Summer always throws off our routines. Now my husband (teacher) and son (student) are back to school, so we have returned to something that resembles normal routines. I hope to visit here more often.

What I did last summer
I discovered the easy breezy process of knitting a sleeveless shell (a.k.a tank). Also discovered cheap cotton yarn (i.e. Reynolds Saucy) with which I could make a tank for less than $15.
The first tank I made was from Interweave knits. Great pattern, but I made a bad choice of improvising with a shorter body and no shaping. I'll never wear it. Improvisation gone wrong. Plus the yarn was too heavy and it's 2 sizes too big. Bad bad bad.
Then I made another tank (not pictured) sort of following the Knitting Pure and Simple pattern but improvised with cables in the front & back and a v-neck in pink saucy cotton. Improvisation that worked. But...I can't find it. If it does not turn up I'll make another because I really like the simple twist of the cable on the tank.
The third tank was Bonnie Marie's chickami in red saucy cotton. Great pattern followed to the letter from cast on to bind off. I can see me knitting a wardrobe of chickamis next summer.
The final tank was another improvisation of the Knitting Pure and Simple pattern with seed stitch finishing and a v-neck. I really like this tank as well.
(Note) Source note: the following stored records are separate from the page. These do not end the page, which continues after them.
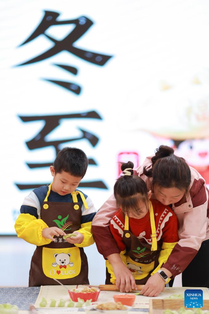 This photo taken on Dec. 19, 2025 shows children learning to make dumplings in the guidance of a teacher at a kindergarten in Neiqiu County, Xingtai City of north China's Hebei province.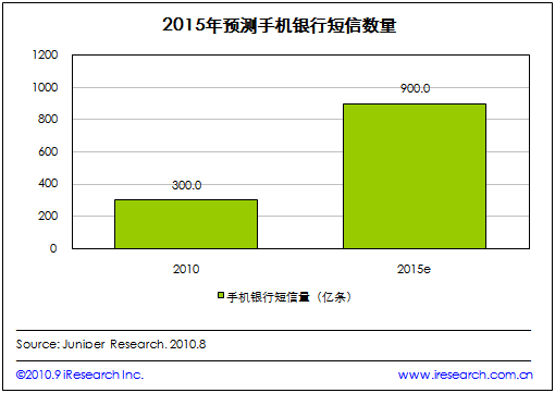 艾瑞咨詢根據(jù)Juniper Research發(fā)布的預(yù)測數(shù)據(jù)發(fā)現(xiàn),由于新類型的手機(jī)銀行短信提醒的應(yīng)用,到2015年,全球手機(jī)銀行短信量將達(dá)到900億條每年,相當(dāng)于每個手機(jī)銀行用戶每隔一天就會收到一條銀行發(fā)來的信息。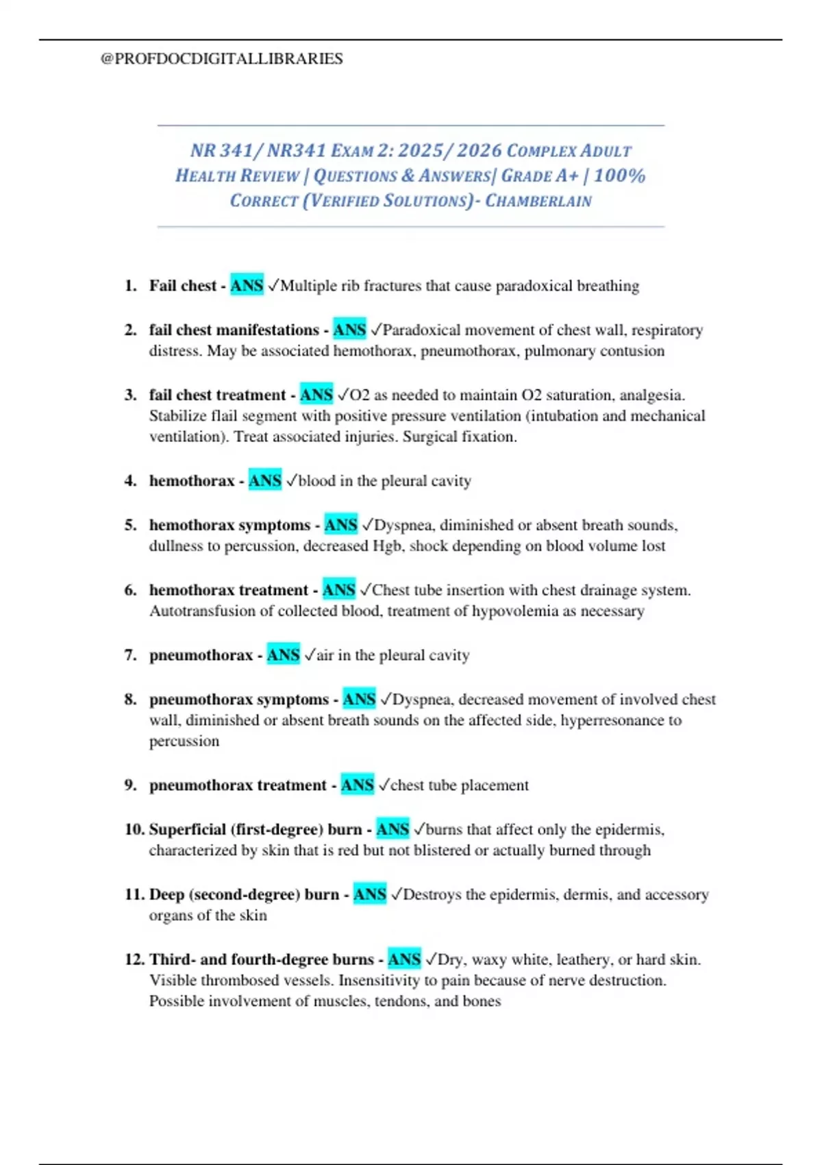 5. hemothorax symptoms - ANS ✓Dyspnea, diminished or absent breath sounds,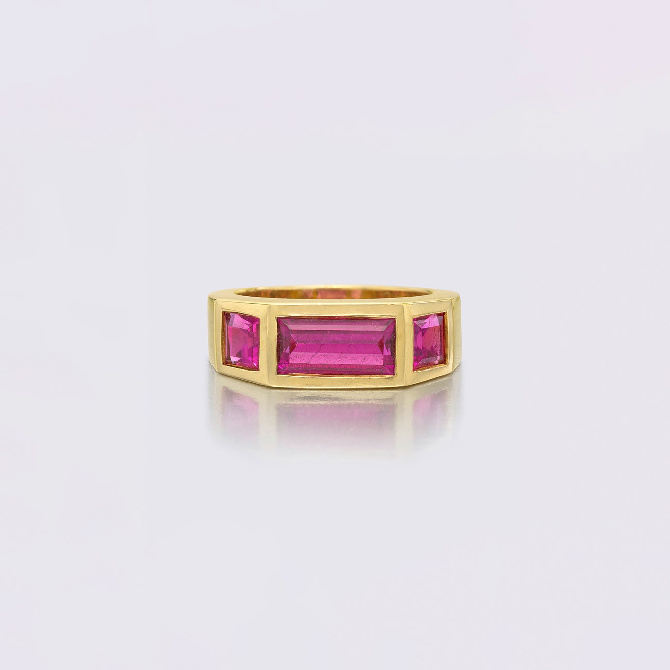Set with rectangular- and square-shaped pink tourmalines, mounted in 18K yellow gold, size 6 1/2, signed Tiffany & Co. Paloma Picasso.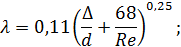 формуле Дарси-Вейсбаха: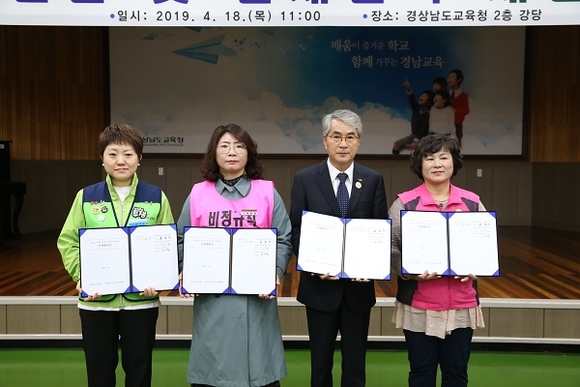 경남도교육청과 전국학교비정규직연대회의가 18일 도교육청에서 임금 및 단체협약 체결식을 가졌다.

Non-tank activity consisted of finishing a pair of trekking socks, then starting the besotted scarf.

I also finished the burlap sweater that I think will be quite functional as a fall sweater jacket. I'm told the yarn will soften with a wash...we shall see.

Just finished this week is a guernsey made with Noro Kochoran (50% wool, 30% angora, 20% silk). It is so soft that I can't stop hugging the sweater. I've been reading on the yarn harlot's blog about gansey knitting which I find fascinating. These were the type of sweaters probably knitted by my Irish ancestors. "Aran" sweaters came later when the knitters needed a more touristy name to sell their knits. A guernsey or gansey always starts with a ribbing at the bottom, then plain stockinette stitch for the lower body, then a garter stitch variation (this one is the welt pattern) to separate the plain stitch from the yoke which has a stitch pattern (cables or seed stitch) that will make the sweater thicker at the top, placing warmth wear you need it most. And the sides have a mock seam which kills me. I go crazy when seaming sweaters so that you can't see the seam, and this design makes it visible. But there is a functional reason for that as well - the seam makes the sweater easier to fold. I was not sure about using such a luscious yarn for what is suppose to be a purely functional garment, but I really like the result of the self-striping yarn in the various stitch patterns.

Last night I started a fair isle sweater class where I will learn to knit continental and with 2 different colors. This is another traditional technique that I am really looking forward to learning more about.